Understanding what happened
Your online-banking login is the most sensitive thing you can share, because it can give direct access to move money. If you entered your username and password into a fake page - especially if you also approved a code or 'verification' - assume someone may be trying to get into the account right now.
Scammers often pair a stolen login with a follow-up call: a fake 'fraud team' that references your details and pressures you to move money to a 'safe account' or approve a payment 'to cancel' a transaction. No genuine bank ever asks you to do this.

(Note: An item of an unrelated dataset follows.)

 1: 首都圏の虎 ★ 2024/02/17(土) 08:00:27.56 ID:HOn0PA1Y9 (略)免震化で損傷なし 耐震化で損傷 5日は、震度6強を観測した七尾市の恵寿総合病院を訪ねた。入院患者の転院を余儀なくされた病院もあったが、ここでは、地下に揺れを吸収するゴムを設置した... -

Speed is everything. Contacting your bank immediately through a number you find yourself lets them freeze access, stop payments, and reset your credentials before more damage is done. The steps below put those actions first, then help you secure the device and other accounts.
First 5 minutes
- Contact your bank's fraud line immediately
- Change online banking credentials from a trusted device
- Enable two-factor authentication
- Review recent activity
First 24 hours
- Watch for 'safe account' follow-up scams
- Set transaction alerts
- Keep evidence
- Report to your fraud authority
What not to do
- Do not pay anyone who promises to recover your money for an upfront fee
- Do not act on follow-up messages claiming to be the fraud team
- Do not delete evidence before saving it
Evidence to save
- Screenshots of the message and sender details
- Phone numbers, usernames, links, and account or wallet addresses
- Transaction references, receipts, and amounts
How to report
Report through official channels for your area.
Find official reporting links for your country in the reporting directory.
- Do not use phone numbers or links from the suspicious message - look up the official ones yourself.
- Report quickly if money was sent or ID documents were shared; speed improves your options.
- Keep your evidence - see how to save scam evidence.
Beware of recovery scams: no legitimate service guarantees getting your money back for an upfront fee.
This is general safety information, not legal, financial, or cybersecurity incident-response advice.
Frequently asked questions
How quickly should I act?
As soon as possible. Fast action - especially contacting your bank - gives the best chance of limiting harm or stopping a payment.
Will I get my money back?
Sometimes, if you act quickly, but there is no guarantee. Be very cautious of anyone who promises guaranteed recovery for an upfront fee - that is a recovery scam.